Several studies have noted that gene location in higher eukaryotic organisms is not random and suggest that there may be patterns in gene location [5-14]. Several research groups have further noted that genes with related function are often located close to each other on the chromosomes [15-19]. Also functional overlaps (shared Gene Ontology terms) have been found between clustered genes in yeast when examining spans of small chromosomal distances (less than 10 kbp) [20]. These studies suggest that the location of a gene and its surrounding neighbourhood of genes have an influence on its functionality, but none of these studies determined if there are true patterns within a genome, and if we can learn from these patterns. If there are patterns based on how genes cluster/group within a genome, then we can generate rules and relationships based on these patterns through classification learning.
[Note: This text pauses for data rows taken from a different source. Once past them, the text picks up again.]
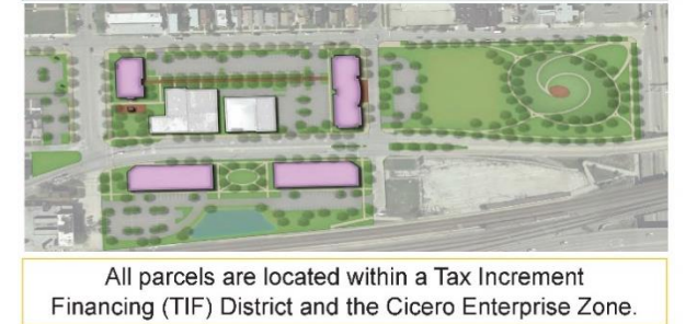
The main parcel, including the former Town Hall & Publics Works buildings, salt dome, & canopy is directly across from the Cicero Avenue Metra Station. It includes approximately 3.5 acres of developable land over 16 individual PINs and a vacated alleyway.
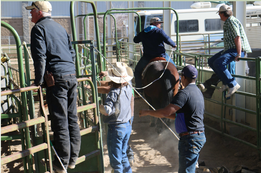
A roper finishes his ride as the gatekeepers prep for the next team.

The team roping competition was just one of many equestrian-related events held at the facility during first quarter. Others included: ZD Roping (x2), Barrel Buddies Winter Club Nights (x2), Utah Barrel Racing Association Jackpot (x4) and Utah Chariot Association Racing . From the Hearth Performance Horses held two events during the quarter and Alta Hills Farm booked the facility for five days in March. The USWRCA District 1 held a meeting, as well. The Salty Dash Futurity was a mid-March event that featured some of the best barrel racing horses in the state. (See Events , page 2)
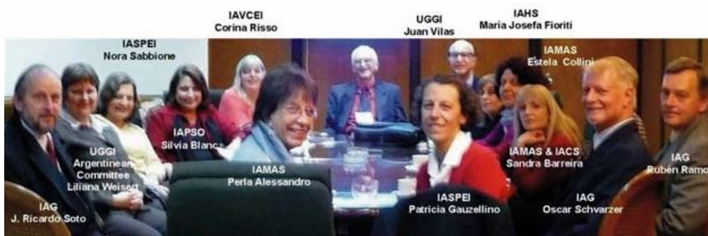
Group photo during the business meeting of the Argentine National Committee for IUGG
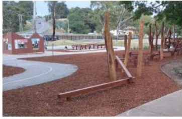
Upgrades and new amenities for Tumbarumba Goldfields Park
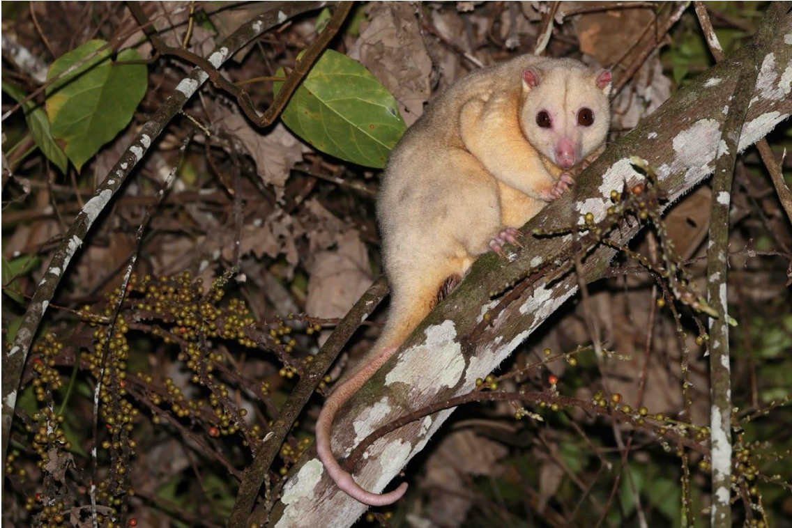
5-Ground Cuscus ( Phalanger gymnotis ) - Photographs. Several well seen in Mupi
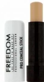
Pro Conceal Stick - Medium/Dark
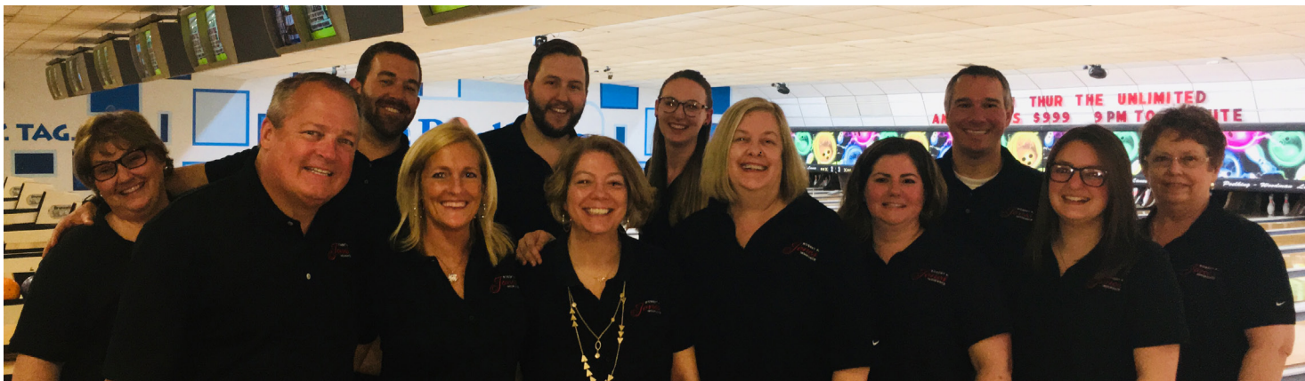
We all enjoyed a fun outing of bowling and pizza at Poelking Lanes Woodman.

In this study, we analyzed if we could classify a gene in Saccharomyces cerevisiae to its correct Gene Ontology term using information about its location in the genome and information from its nearest-neighbouring genes using MultiBoositng with C4.5. This methodology can assist researchers by expediting the process of determining the functionality of a gene by providing classification rules that will determine a gene's Gene Ontology term.

Methods

Classification Techniques

In classification learning, the learning system is presented with a set of classified examples. From these examples, the system is expected to learn a way of classifying unseen examples [21]. We used a popular classification learning technique that combines MultiBoosting [22] with the decision tree classifier C4.5 [23]. MultiBoosting combines AdaBoost (a boosting technique) [24] with wagging (a variant of bagging) [25] to form decision committees. This technique "boosts" a learning algorithm to a stronger learning algorithm by taking advantage of AdaBoost's high bias and variance reduction and wagging's strong variance reduction. It has been shown that when using the C4.5 algorithm as its base learning algorithm, MultiBoosting produces superior decision committees [22].
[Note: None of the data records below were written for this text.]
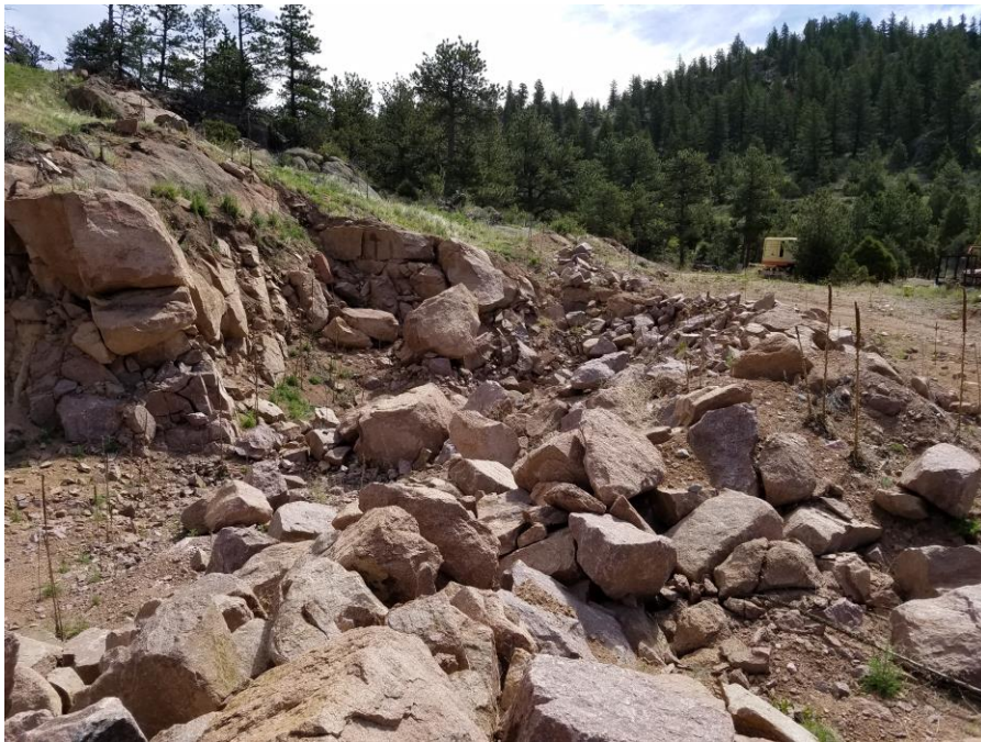
Figure 3. From above the road looking east.
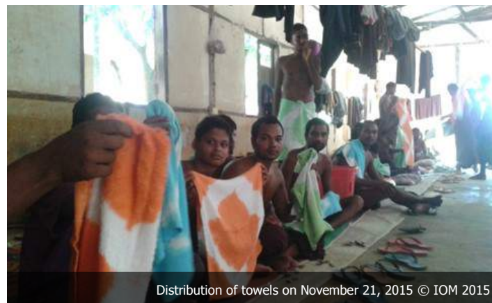
Distribution of towels on November 21, 2015

MSF continues to provide psychosocial counselors who visit 3 times per week. On 6 November CFSI received approval to access Taung Pyo and began visiting to conduct psycho-social activities, particularly for children and adolescent girls. Daily visits were conducted from 09 November following the election.
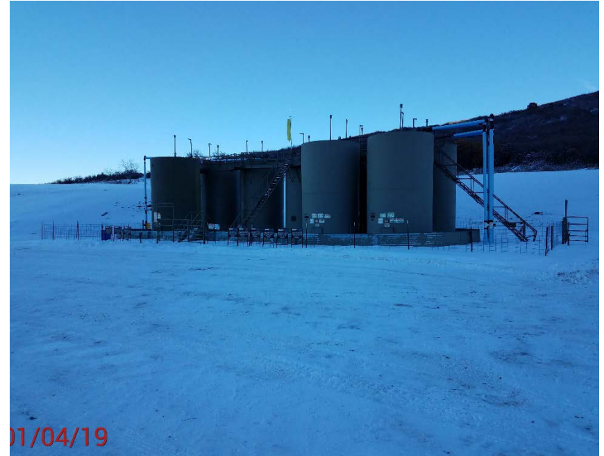
Location Photo #2
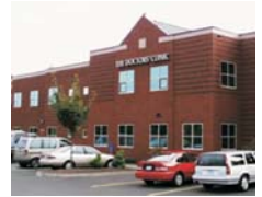
10 Mid-Rise Office
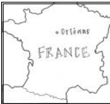
Francis is born in Orleans, France in 1607.

Learn about Powerful Priests Past & Present at Adventures in Faith, Sunday, Feb 21, 12:15. Registration forms available after Mass, in the parish office or at www.sthilarychurch.org .

In building decision trees, C4.5 determines which attribute to split on given a set of examples with different classes. This attribute is selected based on information measured in bits [26]. For each attribute, the C4.5 algorithm calculates the information gain from splitting the tree on that attribute. The best attribute has the highest information gain. A decision node is created that splits the dataset on that best attribute. The process is repeated on the sub-trees of that node.
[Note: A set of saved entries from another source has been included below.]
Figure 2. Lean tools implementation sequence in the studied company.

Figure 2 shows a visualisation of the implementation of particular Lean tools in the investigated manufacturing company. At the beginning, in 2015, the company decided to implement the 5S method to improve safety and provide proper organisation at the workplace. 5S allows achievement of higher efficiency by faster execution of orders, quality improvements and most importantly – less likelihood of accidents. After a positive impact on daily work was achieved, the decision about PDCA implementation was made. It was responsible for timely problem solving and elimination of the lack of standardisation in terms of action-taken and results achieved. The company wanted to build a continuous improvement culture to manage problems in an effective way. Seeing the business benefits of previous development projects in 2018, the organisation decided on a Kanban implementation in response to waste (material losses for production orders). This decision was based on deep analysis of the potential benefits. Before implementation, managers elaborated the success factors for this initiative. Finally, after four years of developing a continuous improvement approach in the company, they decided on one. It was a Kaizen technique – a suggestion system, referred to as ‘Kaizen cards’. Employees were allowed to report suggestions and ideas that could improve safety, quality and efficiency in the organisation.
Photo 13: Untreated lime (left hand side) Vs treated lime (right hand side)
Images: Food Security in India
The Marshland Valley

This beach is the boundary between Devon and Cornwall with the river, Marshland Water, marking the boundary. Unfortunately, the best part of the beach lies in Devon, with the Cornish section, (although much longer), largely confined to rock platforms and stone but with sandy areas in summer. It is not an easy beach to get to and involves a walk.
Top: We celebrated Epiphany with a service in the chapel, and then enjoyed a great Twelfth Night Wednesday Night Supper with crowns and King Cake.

The versions of these algorithms that we used can be found in WEKA (the Waikato Environment for Knowledge Analysis). WEKA is open source software issued under the GNU General Public License. It is a collection of machine learning algorithms for data mining tasks. WEKA contains tools for data pre-processing, classification, regression, clustering, association rules, and visualization [21]. The WEKA version of MultiBoosting is MultiBoostAB and the WEKA version of C4.5 is called J48.

Classification experiments

Experiments were performed to establish if MultiBoostAB using the J48 classifier could correctly classify Gene Ontology Slim terms of a gene. Different neighbourhood sizes were examined to determine how many nearest neighbours should be included around each gene to provide better classification rules. As a baseline, the classification process was performed using no neighbour information. Also, the classification process was performed using the entire genome, and then it was repeated on each chromosome to examine if partitioning the classification process would yield better rules.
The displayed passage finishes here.